An Amazon utterance truck at the Amazon facility in Poway, California, Nov. 16, 2022.

Sandy Huffaker | Reuters

Investors are confronting several headwinds, including macro uncertainty, a check in energy prices and the unanticipated crisis in the Middle East.

Investors seeking a sense of direction can turn to analysts who sort out companies that have lucrative long-term prospects and the ability to navigate near-term pressures. 

To that end, here are five forerunners favored by Wall Street’s top analysts, according to TipRanks, a platform that ranks analysts based on their one-time performance.

Amazon

We begin this week’s list with e-commerce and cloud computing giant Amazon (AMZN). While the forefather has outperformed the broader market year to date, it has declined from the highs seen in mid-September.
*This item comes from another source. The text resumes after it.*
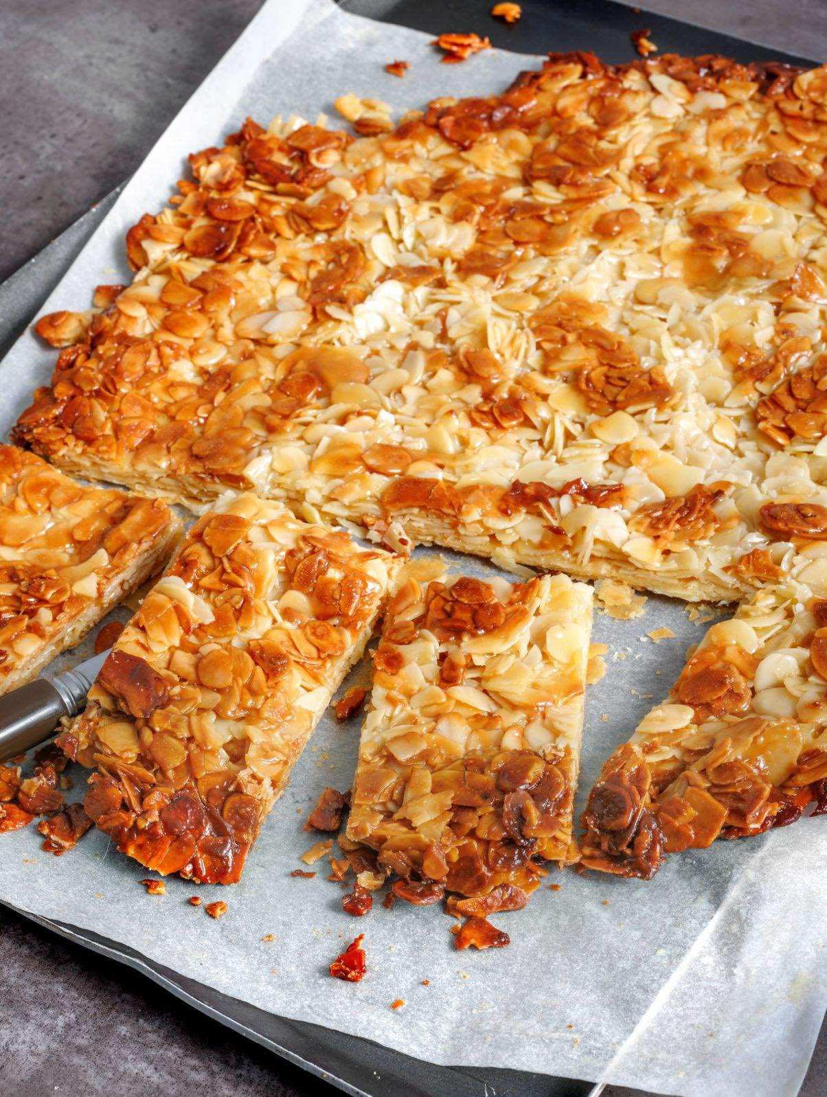 Amandel Florentijnse plakjes zijn een heerlijk gebakje met een knapperige, boterachtige bodem met daarop een rijke, gekarameliseerde amandellaag. Deze klassieke Europese traktatie staat bekend om zijn nootachtige crunch, zoete honingglazuur en goudbruine afwerking. Of ze nu worden geserveerd als dessert, middagsnack of naast een kopje koffie, deze plakjes bieden een perfecte balans tussen textuur en smaak.

JPMorgan analyst Doug Anmuth notable the recent sell-off in AMZN stock and highlighted certain investor concerns. These issues include the state of the U.S. consumer and retail market, meet competition, higher fuel costs and the Federal Trade Commission’s lawsuit. Also on investors’ mind is Amazon Web Aids’ growth, with multiple third-party data sources indicating a slowdown in September.

Addressing each of these attentions, Anmuth said that Amazon remains his best idea, with the pullback offering a good opportunity to buy the divisions. In particular, the analyst is optimistic about AWS due to moderating spending optimizations by clients, new workload deployment and easing year-over-year juxtapositions into the back half of the third quarter and the fourth quarter. He also expects AWS to gain from generative affected intelligence.

Speaking about the challenging retail backdrop, Anmuth said, “We believe AMZN’s growth is supported by key company-specific initiatives incorporating same-day/1-day delivery (SD1D), greater Prime member spending, & strong 3P [third-party] selection.”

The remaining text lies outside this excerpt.